The input:
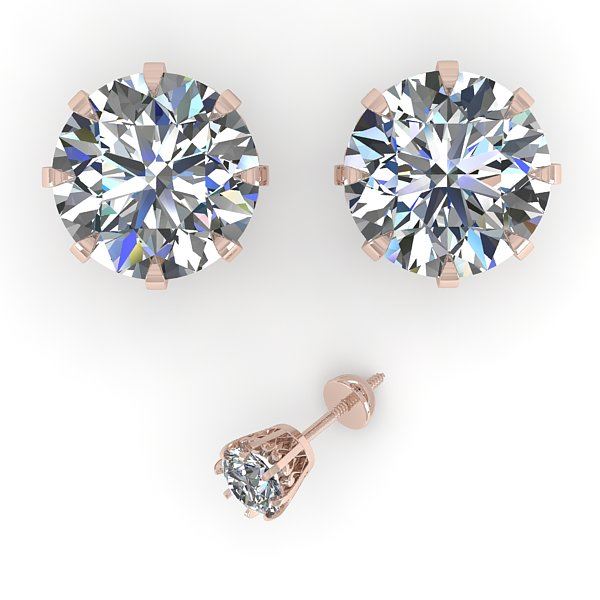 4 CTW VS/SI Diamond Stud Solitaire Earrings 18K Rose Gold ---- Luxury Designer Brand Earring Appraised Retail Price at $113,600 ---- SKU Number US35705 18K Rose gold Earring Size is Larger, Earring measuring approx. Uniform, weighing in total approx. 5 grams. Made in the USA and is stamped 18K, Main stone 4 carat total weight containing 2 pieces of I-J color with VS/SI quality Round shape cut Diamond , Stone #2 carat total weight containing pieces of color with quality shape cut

...

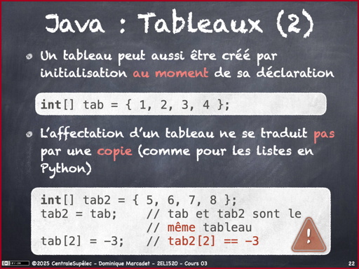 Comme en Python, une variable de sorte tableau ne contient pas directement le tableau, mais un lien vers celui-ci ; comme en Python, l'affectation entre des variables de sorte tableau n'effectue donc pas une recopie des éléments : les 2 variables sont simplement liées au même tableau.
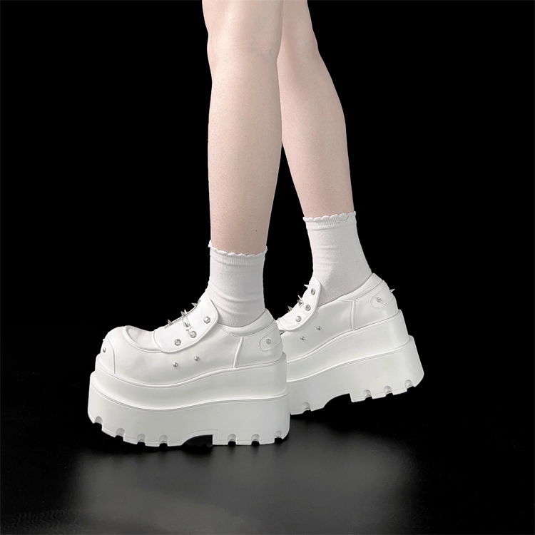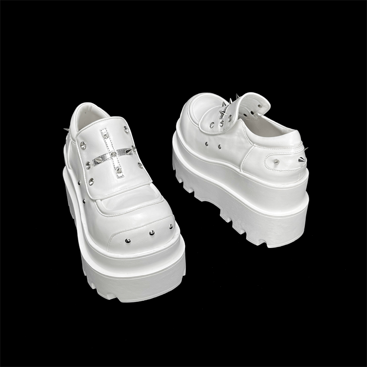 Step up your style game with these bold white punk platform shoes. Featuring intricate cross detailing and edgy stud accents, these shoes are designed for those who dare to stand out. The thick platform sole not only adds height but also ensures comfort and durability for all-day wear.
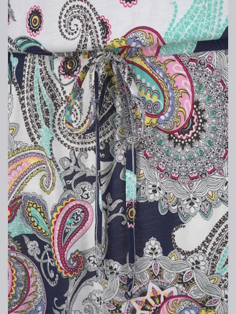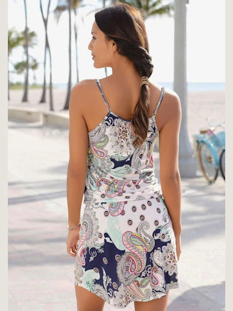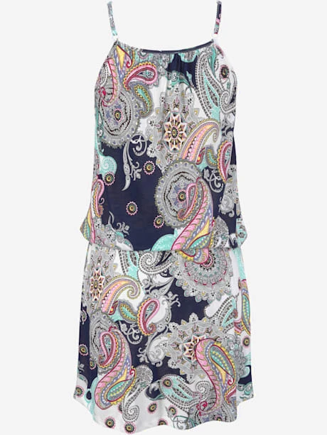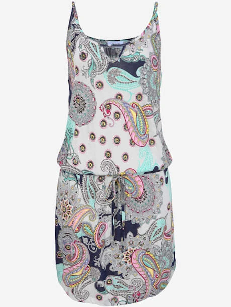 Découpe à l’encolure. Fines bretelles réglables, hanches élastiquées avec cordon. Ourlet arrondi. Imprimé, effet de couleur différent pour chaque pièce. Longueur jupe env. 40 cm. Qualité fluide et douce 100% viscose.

Your instructions: From the listing above, please give again the lines that begin with the line holding "Step up your" and go on through the line holding "Découpe à l’encolure.", exactly, both ends included, minus any picture.

Reply:
 Step up your style game with these bold white punk platform shoes. Featuring intricate cross detailing and edgy stud accents, these shoes are designed for those who dare to stand out. The thick platform sole not only adds height but also ensures comfort and durability for all-day wear.
 Découpe à l’encolure. Fines bretelles réglables, hanches élastiquées avec cordon. Ourlet arrondi. Imprimé, effet de couleur différent pour chaque pièce. Longueur jupe env. 40 cm. Qualité fluide et douce 100% viscose.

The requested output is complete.